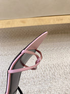 STRAPPY MID HEEL SANDALS IN PINK SILK
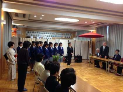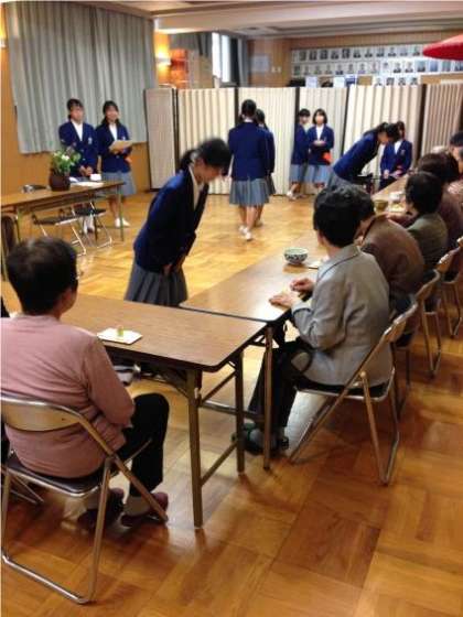 毎年、本校の茶道部が参加しお世話をさせていただいています。顧問も部員生徒も地域の方々と交流できることを大変うれしく思っています。生徒たちは緊張しながも、お茶のいただき方を丁寧に説明するなど、おもてなしの心でお点前を披露していました。
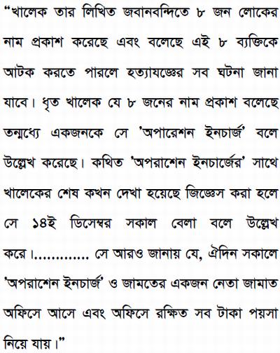 published in The Daily 'Dainik Pakistan', 29 December 1971 demonstrates culpable role of JEI as well in designing and executing the plan of liquidating intellectuals. The report narrates that
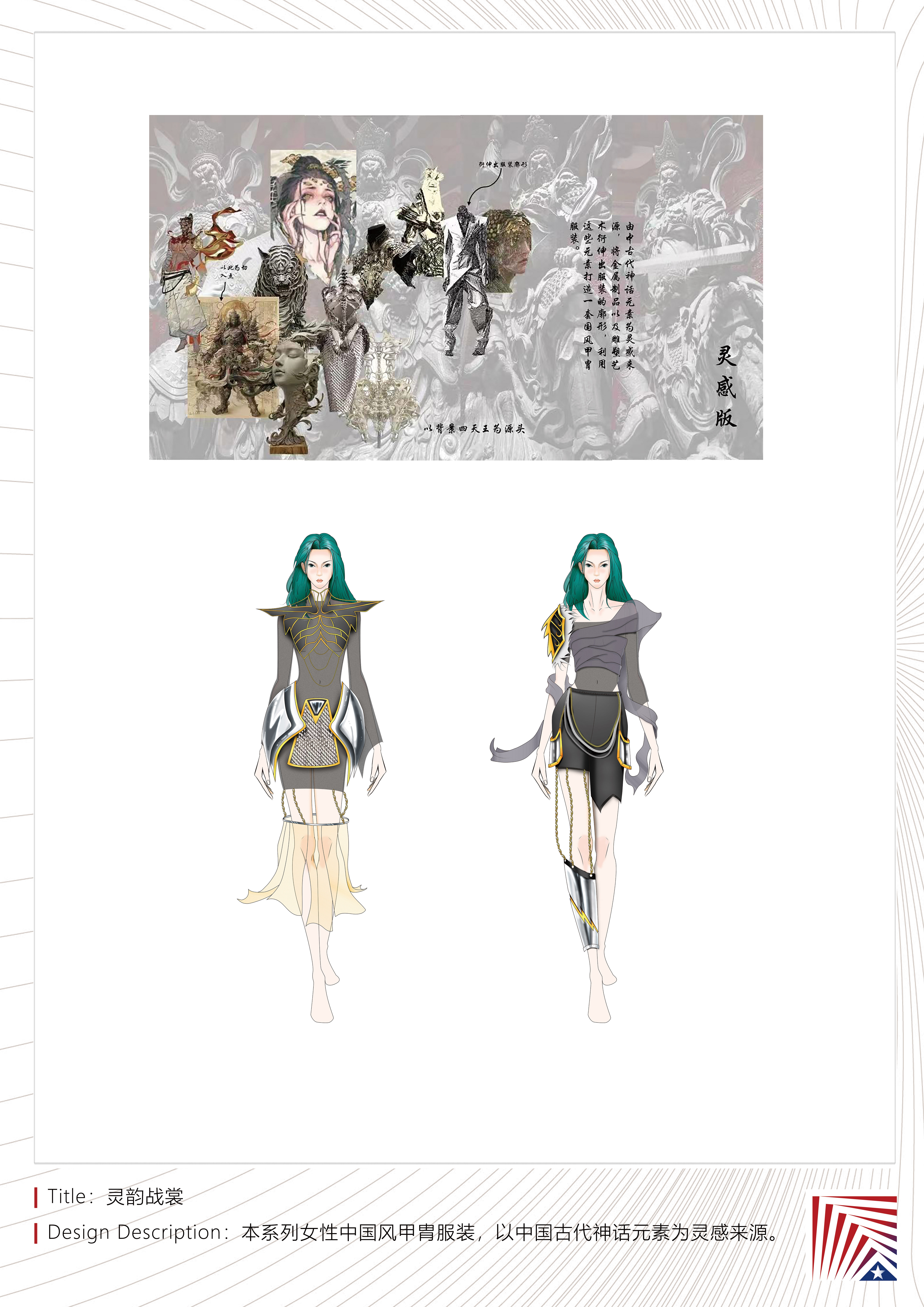 作品说明:本系列女性国风甲胄服装,以中国神话元素为灵感源泉,旨在打造独具魅力的时尚之作。设计灵感上,紧紧围绕中古代神话展开,以四大天王等神话形象为背景源头,从神话人物的威武姿态、华丽配饰及独特造型中提取精髓。同时,将神话中的神兽元素巧妙融入,如龙、麒麟等神兽的形态特征、纹理图案,为服装增添神秘而奇幻的色彩。
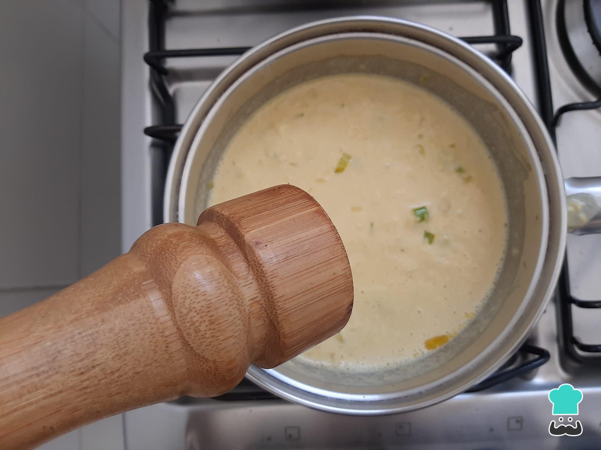 Junte o creme de milho batido anteriormente a este refogado e tempere-o com sal e pimenta do reino.

——

The lines to write out are those from the first line of the listing above through the line bearing "published in The", both included, copied exactly with pictures dropped.

• EXPECTED ANSWER:
 STRAPPY MID HEEL SANDALS IN PINK SILK
 毎年、本校の茶道部が参加しお世話をさせていただいています。顧問も部員生徒も地域の方々と交流できることを大変うれしく思っています。生徒たちは緊張しながも、お茶のいただき方を丁寧に説明するなど、おもてなしの心でお点前を披露していました。
 published in The Daily 'Dainik Pakistan', 29 December 1971 demonstrates culpable role of JEI as well in designing and executing the plan of liquidating intellectuals. The report narrates that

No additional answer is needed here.